Social Relationships and Health
- Individuals with strong social relationships have lower mortality rates.
- Lack of social integration raises disease and early death risk, comparable to smoking and obesity.
- Social support can shield one from stress and reduce the likelihood of mental and physical illness.
- Community networks with friends and family help with with well-being and immune function.
- Psychological mechanisms: Social ties offer feelings of belonging.
- Behavioral mechanisms: Strong social networks link to health-promoting behaviors like regular exercise.
- Physiological mechanisms: Social connections affect hormone levels, stress, and immune function.
- Traditional social structures have declined with modern day, negatively impacting public health.
- Health policies require social integration for disease prevention and health promotion.
- Public health initiatives would require focus on social isolations, especially for vulnerable populations.
Dying Alone: The Social Production of Urban Isolation
- Chicago Heat Wave of 1995 highlighted social isolation and urban neglect when over 700 people, mostly elderly individuals living alone, died due to extreme heat in city.
- Aging populations, fear of crime, urban degradation, and erosion of social support led to the isolation.
- Isolation raises risks of untreated medical conditions, premature death, and mental illness.
- Socially isolated individuals are more likely to suffer from stress-related illnesses and lacking emergency support.
- The rise in people living alone is a health concern as interventions are required.
- Strengthening social programs, civic engagement, and prioritizing spaces are needed to help elderly and low-income individuals.
- Lacking connection is as dangerous as smoking, drinking, and physical inactivity.
6 Pillars To Advance Social Connection
- Strengthen social infrastructure.
- Enact pro-connection public policies.
- Mobilize the health sector.
- Reform digital environments.
- Deepen our knowledge.
- Build a culture of connection.
News Media Constructions of Overweight and Eating Disorders
- Media framing typically portrays anorexia and bulimia as illnesses beyond one's control, with sufferers depicted as young, white, middle-class women.
- Media frames obesity as being a moral failure involving blaming, with emphasis being on ignoring structural factors like SES.
- The media frames portray obesity as common among racial minorities and low income populations.

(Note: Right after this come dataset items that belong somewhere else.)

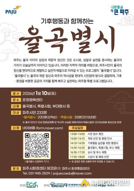 파주시환경센터 ‘에코온’은 파주를 대표하는 조선시대 사상가 율곡 이이의 학문 정신을 현대적 기후행동 가치로 재해석한 기후문화축제 ‘기후행동과 함께하는 율곡별시’를 오는 내년 1월 10일 운정행복센터에서 개최한다.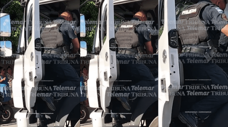 Champotón.- Durante la revisión a la cabina de un tráiler, uno de los 2 elementos de la Policía Municipal de Champotón fue captado metiendo a sus bolsillos “algo” que encontró en un bolso al parecer de mujer, que derivó en el hallazgo de alcohol y droga, sin que hasta el momento haya sido precisada la cantidad y de qué tipo, y la detención de 2 personas, debido a que la unidad pesada había atropellado a una persona.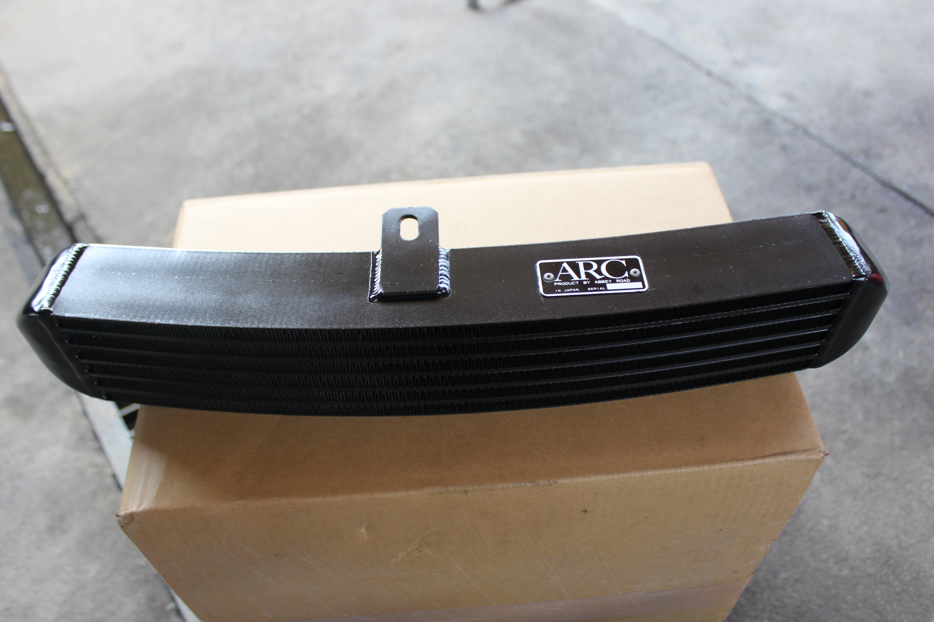 フロントグリル内にARCのオイルクーラーが付いていますが、黒の車体、グリルの中にシルバーのオイルクーラーの存在感がありすぎて・・・(好みにもよりますが)微妙な感じでしたので、

- Comparative studies: A white girl with anorexia is depicted with sympathy and a recovery as heroic in nature, but a black single mother with obesity struggles to manage son's weight is criticized harshly with a focus on person accountability and not systematic barriers.
Managing Chronic Pain In The Urban Safety Net
- The CDC gave new guidelines restricting the use of opioids and patients receiving them.
- The Structural Inequalities involved, show women, those w/ low SES, and POC were less likely to receive management.
- Doctors and patients are part of political and social influenced parties.
- High cultural capital is involved in healthcare.
The Shifting Engines of Medicalization
- Medicalization = needing a condition
- Doctors/Pharmaceuticals expanding categories of medical need or treatment can now drive medicalization, as well as narratives.